As countries make the switch to clean energy, governments are paying more attention to the resources they need for the transition. Some Western governments are concerned that the supply chains for many critical minerals have converged in one country: China.
China is a major consumer of such minerals, but stands apart in its role in processing raw materials, even those mined far beyond its borders. Thanks to years of planned industry consolidation, a small number of Chinese companies now have an outsized influence over the world’s supply.
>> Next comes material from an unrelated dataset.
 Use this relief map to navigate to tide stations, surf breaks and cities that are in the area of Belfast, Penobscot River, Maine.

This week, The Wire looks at China’s role in the production of the ‘neo-commodities’: the resources needed to produce the breadbasket goods of the future, and the key Chinese companies that stand to gain.
SOME DEFINITIONS
Most of the major powers have their own definition of strategic minerals — also known as critical minerals — reflecting their differing economic priorities. China, for example, has a list of 24 strategic minerals, while the U.S. Department of Commerce has a list of 35, and the EU’s contains 27. Overlap between the three is not strong, with consensus on just six minerals: tungsten, cobalt, antimony, fluorspar, graphite and rare earths.
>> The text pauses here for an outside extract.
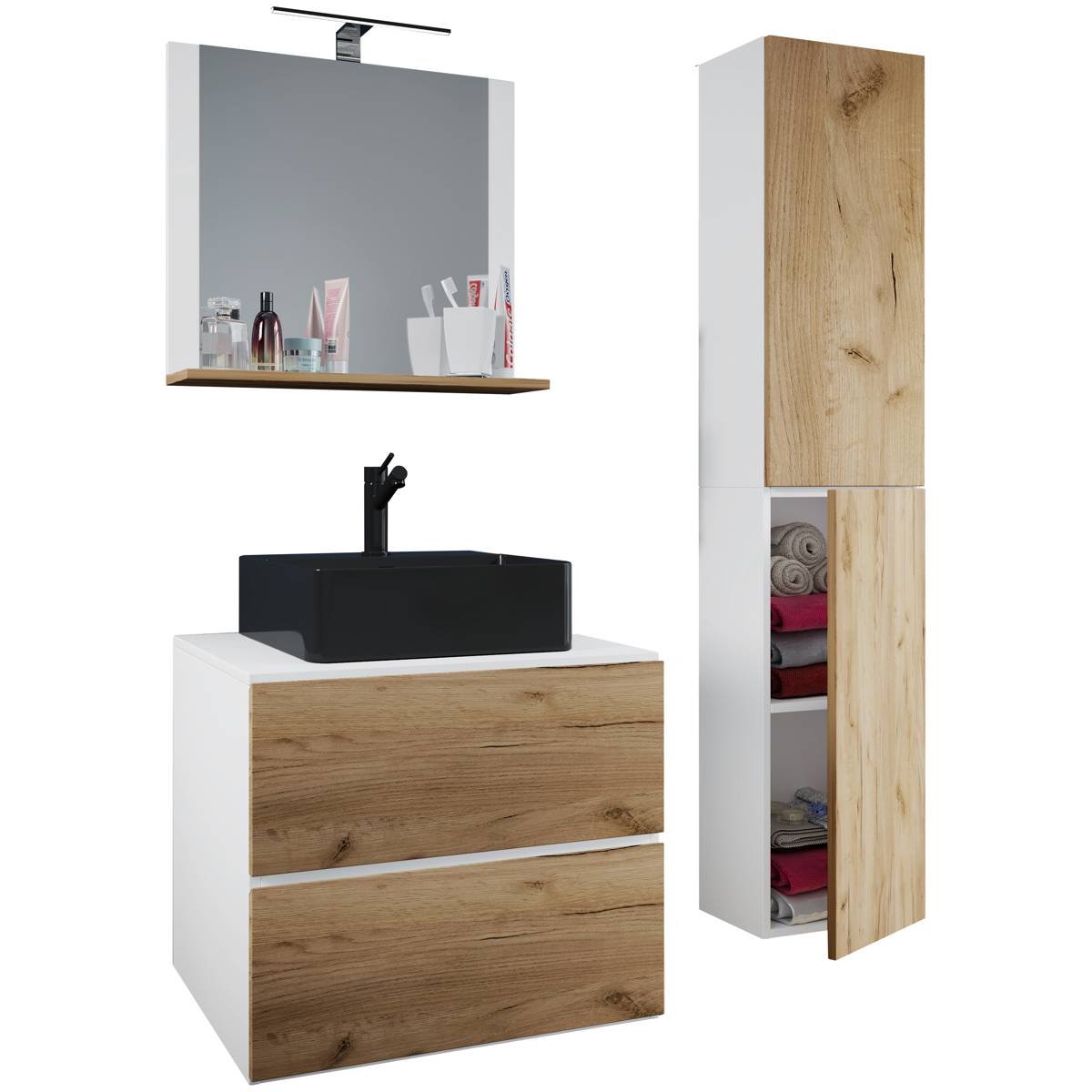 4dílná umyvadlová skříňka Lendas BL L se zrcadlem 60 cm + vysoká skříňka, dub medový

Unlike strategic minerals, rare earths are a defined group of 17 elements. They are not, in fact, rare, but are seldom found in concentrations high enough to be mined on their own, and are instead collected as byproducts of other mining. Rare earths contain properties that make them essential to the new economy: they are magnetic and highly electrically conductive, playing crucial roles in components for electric cars, batteries, and smartphone touch screens.
HOW MUCH DOES CHINA CONTROL?
China has been enhancing control over its strategic minerals supply for years, to the alarm of some policymakers abroad. Last year, the U.S. Geological Survey identified 23 mineral commodities that pose the greatest supply risk for the U.S. manufacturing sector. China is the U.S.’s main supplier for eight of those vulnerable minerals. For five minerals, the U.S. is 100 percent reliant on overseas imports, including for minerals critical to certain defense systems such as gallium and germanium.
At risk mineral | Net import reliance | Main suppliers | China’s share in global processing |
---|---|---|---|
Gallium | 100% | China, UK, Germany | 88% |
Rare earths | 100% | China, Estonia, Japan, Malaysia | 62% |
Indium | 100% | China, Canada, Republic of Korea | 56% |
Tantalum | 100% | China, Germany, Australia, Indonesia | 41% |
Bismuth | 94% | China, South Korea, Mexico, Belgium | 82% |
Antimony | 81% | China, Belgium, Thailand, India | 90% |
Tungsten | >50% | China, Bolivia, Germany, Austria | 82% |
Germanium | >50% | China, Belgium, Germany, Russia | 67% |
Niobium | 100% | Brazil, Canada, Germany, Russia | <5% |
Platinum group metals | 79% | South Africa, Germany, Italy, Switzerland | NA |
Cobalt | 76% | Norway, Canada, Japan, Finland | 50% |
Titanium | >50% | Japan, Kazakhstan, Ukraine | 40% |
Aluminum | 49% (alumina*) | Brazil, Australia, Jamaica, Canada | 40% |
Data: U.S. Geological Survey, Holslag (2021)
There are several reasons why China has become so dominant as a mineral processing hub.
Strong state support for industry consolidation and overseas expansion has created a number of powerful mining giants. This month, Chinese authorities approved the creation of a new state-owned rare-earth giant, China Rare Earth Group, formed from the merger of several state firms including Aluminum Corp of China, China Minmetals Corp, and Ganzhou Rare Earth Group, each already major rare earths producers in their own right. Larger companies enjoy economies of scale, such as higher bargaining power when negotiating contracts with mining companies overseas.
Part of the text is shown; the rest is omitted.